Утром зашел к начальнику кинопроката Евгению Константиновичу Войтовичу и проинформировал его о том, что завершаю работу, покажу ее через 14 дней. Прокат ожидает "Лермонтова" с нетерпением, и если фильм им понравится, они все сделают, чтобы хорошо его "прокатить".
Работалось бы хорошо, если бы не осадок от коридорной беседы с одним кинематографистом, снявшим три-четыре невзрачных фильма и переквалифицировавшимся из режиссеров в сценаристы. Некогда он хотел снимать фильм о Лермонтове и сам предлагал мне роль Михаила Юрьевича.
- Ты что, "Лермонтова" снимаешь?
- Да, уже заканчиваю.
- А ты знаешь, был сценарий Саши Червинского.
- Нет, - ответил я, - сценарий Червинского вы мне не давали.
- Ты меня поразил, - сказал он.
- Чем же?
- Своим выступлением на вечере Гены Шпаликова. Тем, что ты там нес...
- Не понял, - прервал я его.
- О спаивании России... Окуджава сказал, если бы он знал, что будет такое, не пришел бы.

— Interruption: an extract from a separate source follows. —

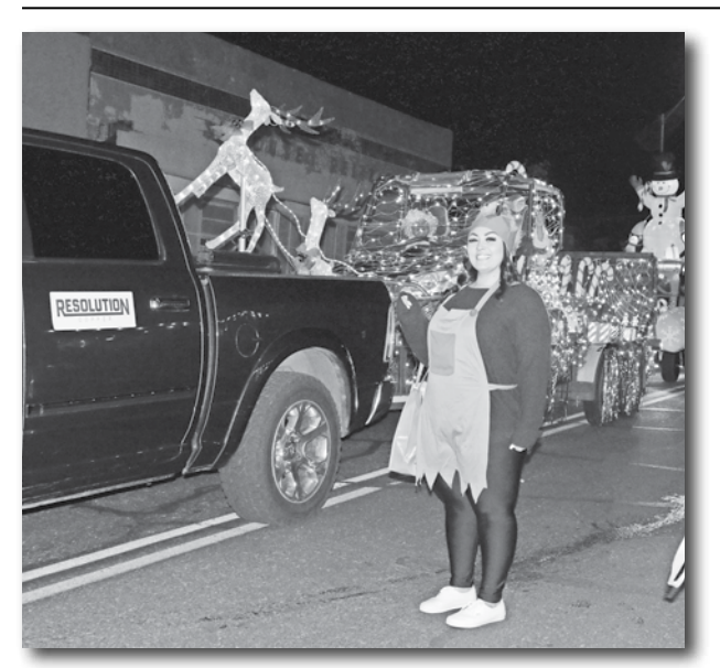
Decorated vehicles, ugly Christmas sweaters and raffles: so many fun things to do at Miracle on Main St.
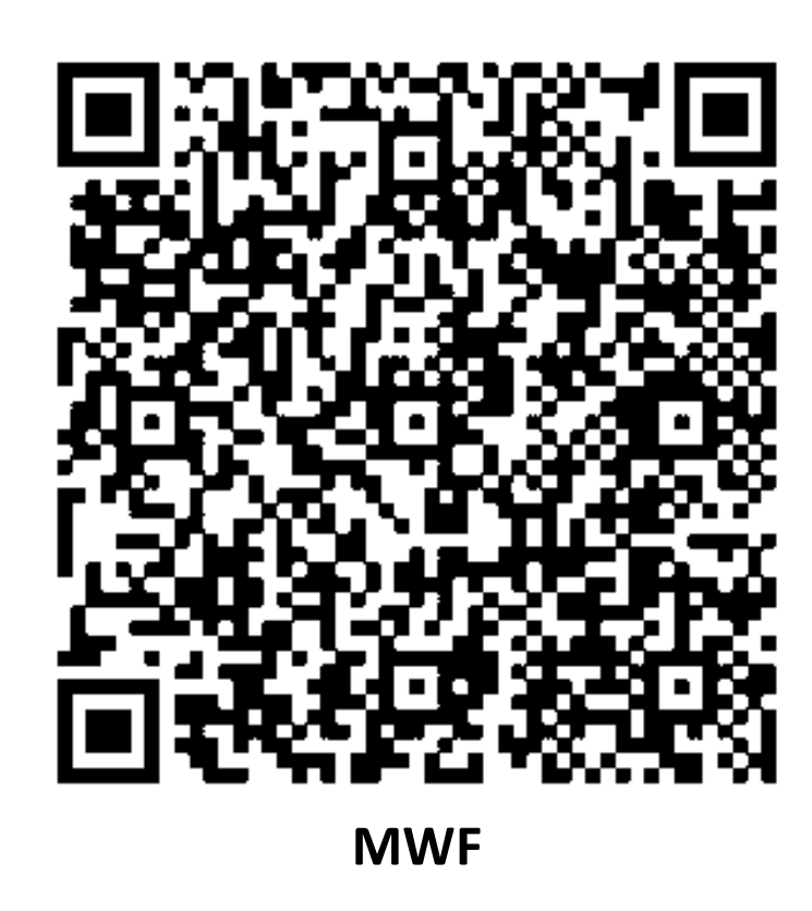
Onsite and Online Services

If you would like to give to the Ministry Workers Fund, please scan the following QR code using any banking or e-wallet app (Touch n Go/GrabPay/Boost). Please ensure "MWF" is listed as the payee.

Показательная беседа. Не минует меня "чаша сия", и отчетливее стали пониматься слова Михаила Юрьевича:
Провозглашать я стал любви
И правды чистые ученья,
В меня все ближние мои
Бросали бешено каменья.
Я, конечно, не имею права сравнивать себя с Лермонтовым, не считаю себя "пророком", но тут мне показалось, что я понял поэта еще больше. Что ж, будем выдерживать и каменья, ведь Лермонтов выдержал.